Masters leaned back from the table, indifferent, no longer concerned with what he had said.

Gordon Finch cleared his throat. "Well, now," he said earnestly. "You may have something in what you say, Dave. But I think you go too far. I really do."

Stoner and Masters smiled at each other, and they spoke no more of the question that evening. But for years afterward, at odd moments, Stoner remembered what Masters had said; and though it brought him no vision of the University to which he had committed himself, it did reveal to him something about his relationship to the two men, and it gave him a glimpse of the corrosive and unspoiled bitterness of youth.

On May 7, 1915, a German submarine sank the British liner Lusitania, with a hundred and fourteen American passengers on board; by the end of 1916 submarine warfare by the Germans was unrestricted, and relations between the United States and Germany steadily worsened. In February 1917 President Wilson broke off diplomatic relations. On April 6 a state of war was declared by Congress to exist between Germany and the United States.
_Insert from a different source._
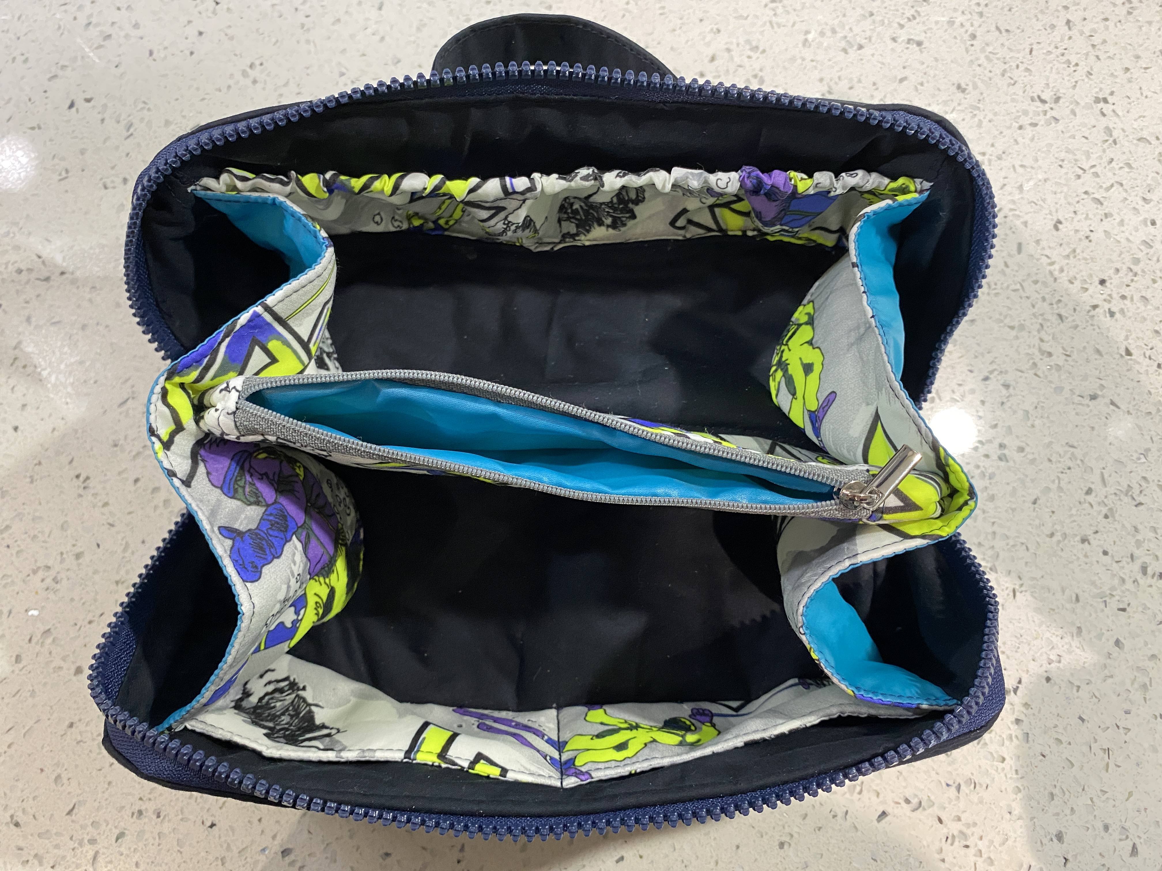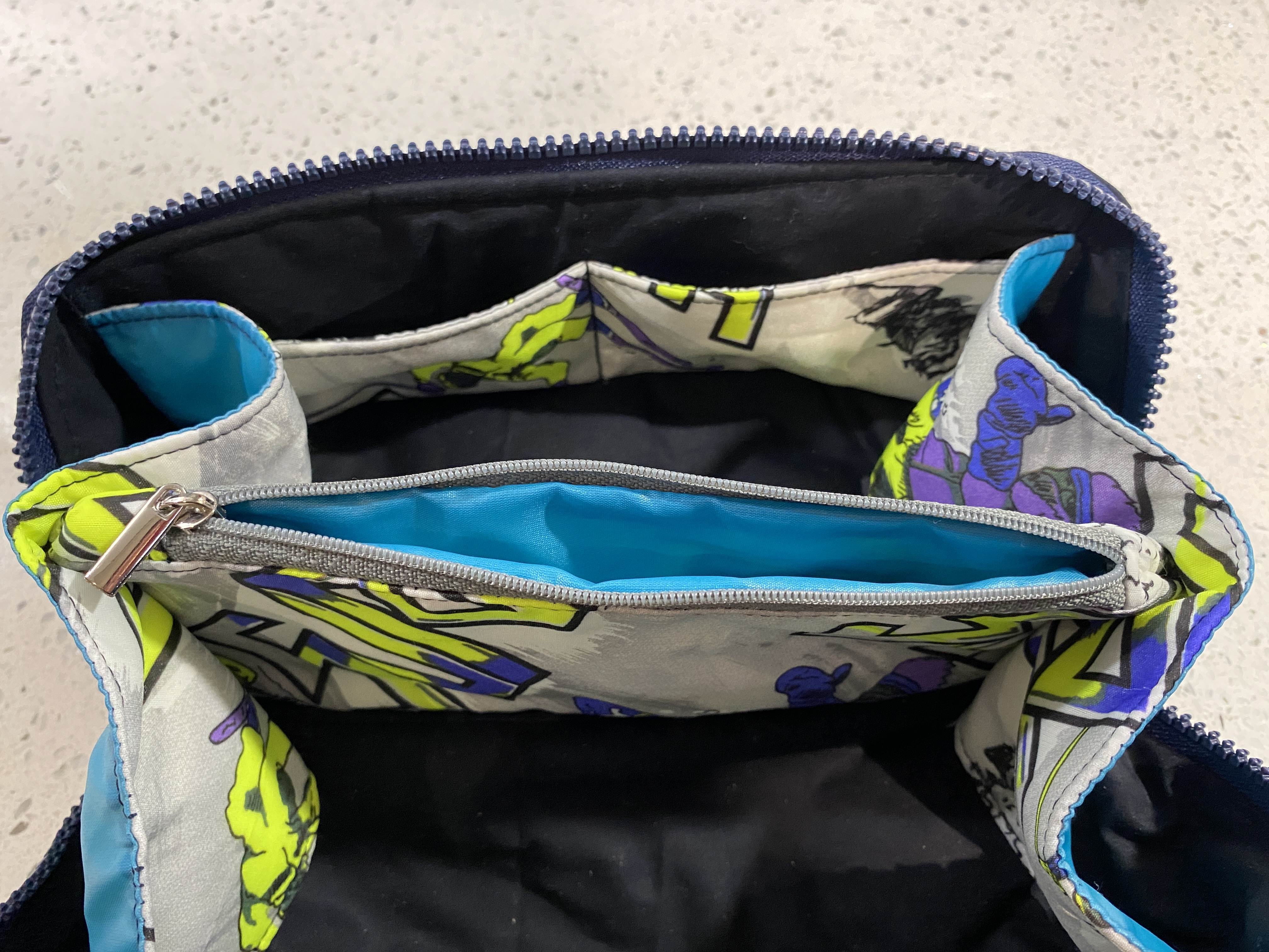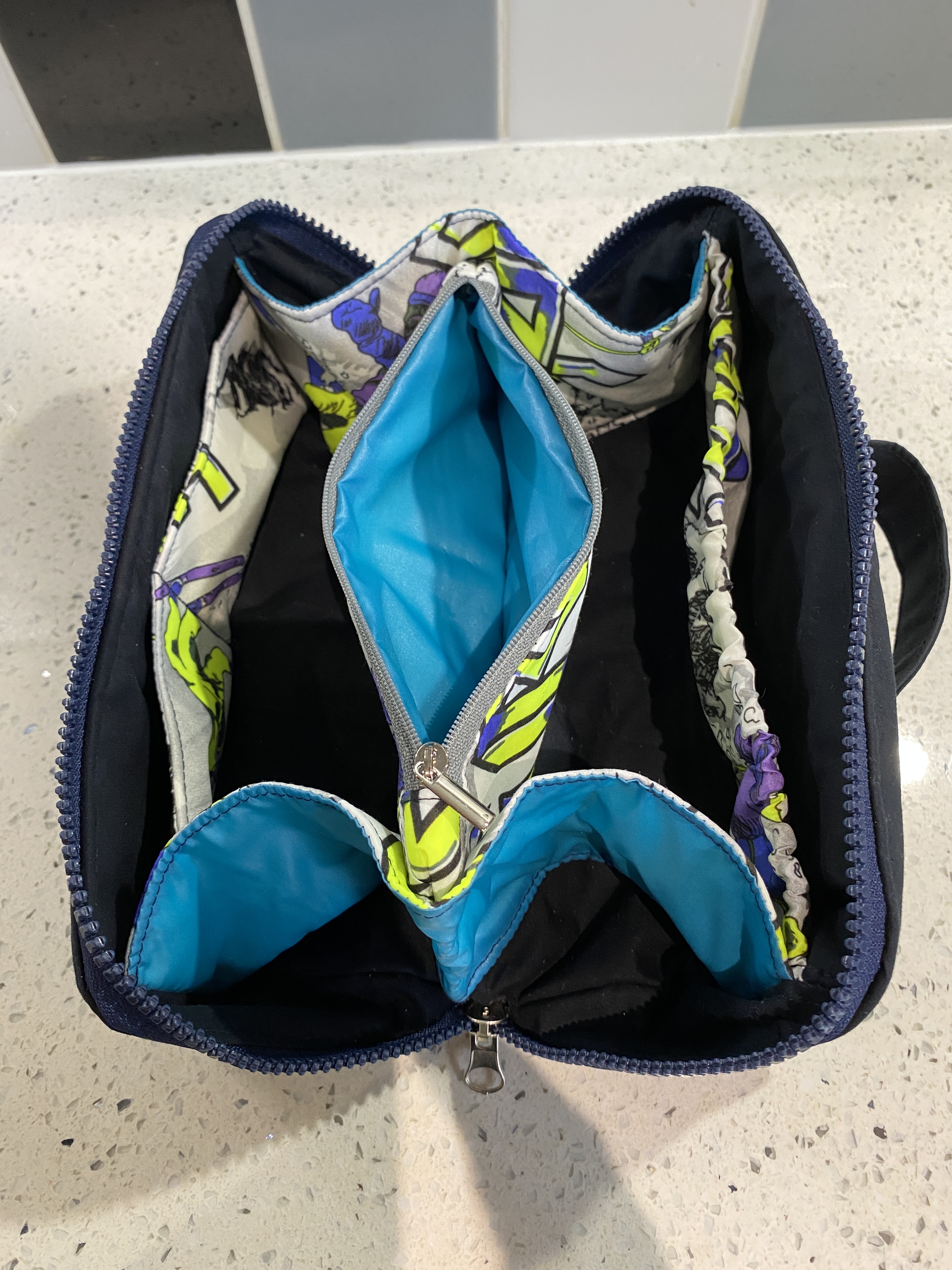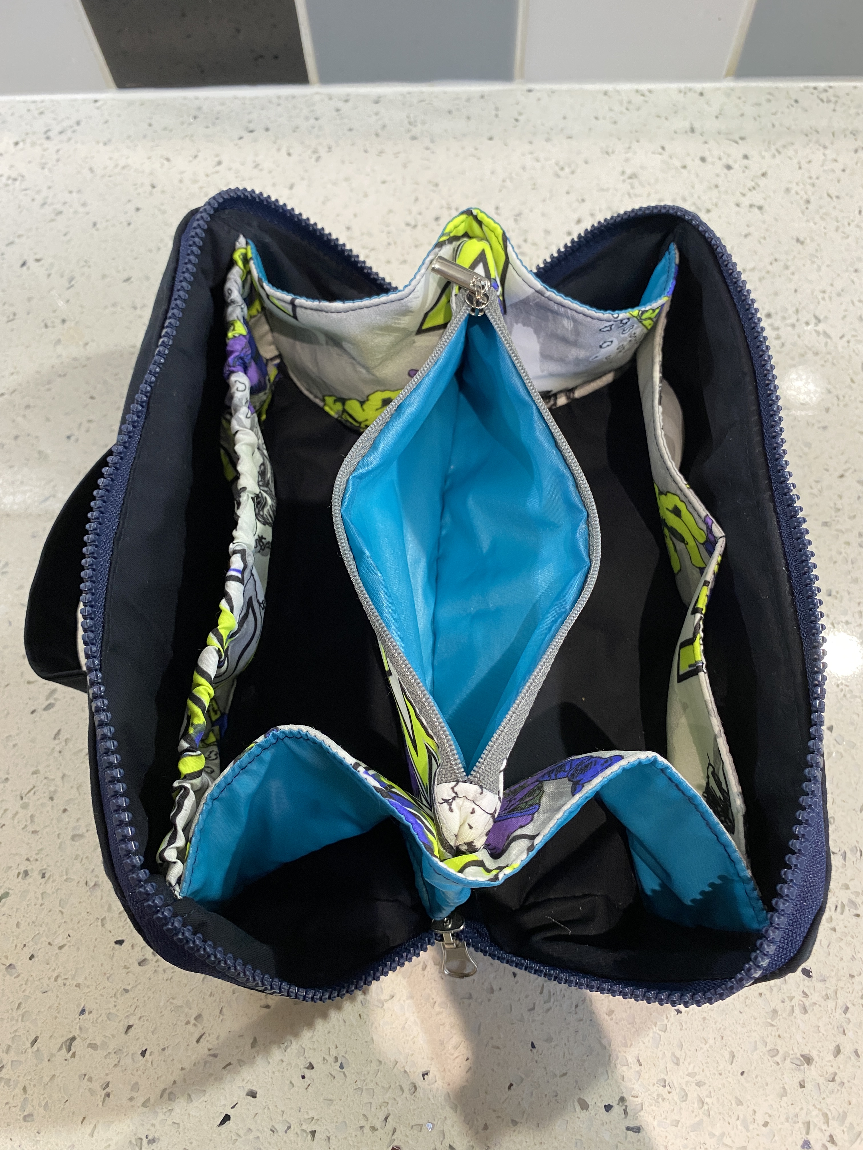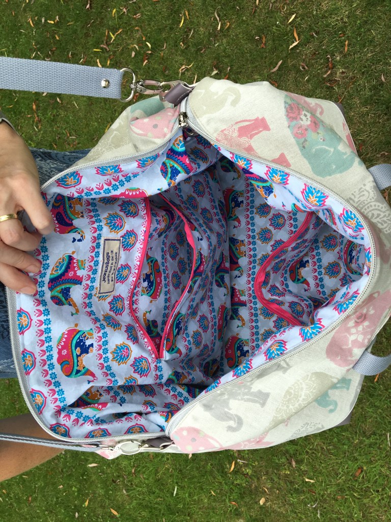 This version was custom made for a client and features a funky elephant print canvas exterior with grey faux leather base reinforcement. The lining is an even more funky ethnic elephant print. The top zip is sparkly silver tape with silver teeth, and the interior zips are pink with silver coloured pulls.

With that declaration, thousands of young men across the nation, as if relieved that the tension of uncertainty had finally been broken, besieged the recruiting stations that had been hastily set up some weeks before. Indeed, hundreds of young men had not been able to wait for America's intervention and had as early as 1915 signed up for duty with the Royal Canadian forces or as ambulance drivers for one of the European allied armies. A few of the older students at the University had done so; and although William Stoner had not known any of these, he heard their legendary names with increasing frequency as the months and weeks drew on to the moment that they all knew must eventually come.

War was declared on a Friday, and although classes remained scheduled the following week, few students or professors made a pretense of meeting them. They milled about in the halls and gathered in small groups, murmuring in hushed voices. Occasionally the tense quietness erupted into near violence; twice there were general anti-German demonstrations, in which students shouted incoherently and waved American flags. Once there was a brief-lived demonstration against one of the professors, an old and bearded teacher of Germanic languages, who had been born in Munich and who as a youth had attended the University of Berlin. But when the professor met the angry and flushed little group of students, blinked in bewilderment, and held out his thin, shaking hands to them, they disbanded in sullen confusion.

During those first days after the declaration of war Stoner also suffered a confusion, but it was profoundly different from that which gripped most of the others on the campus. Though he had talked about the war in Europe with the older students and instructors, he had never quite believed in it; and now that it was upon him, upon them all, he discovered within himself a vast reserve of indifference. He resented the disruption which the war forced upon the University; but he could find in himself no very strong feelings of patriotism, and he could not bring himself to hate the Germans.

But the Germans were there to be hated. Once Stoner came upon Gordon Finch talking to a group of older faculty members; Finch's face was twisted, and he was speaking of the "Huns" as if he were spitting on the floor. Later, when he approached Stoner in the large office which half a dozen of the younger instructors shared, Finch's mood had shifted; feverishly jovial, he clapped Stoner on the shoulder.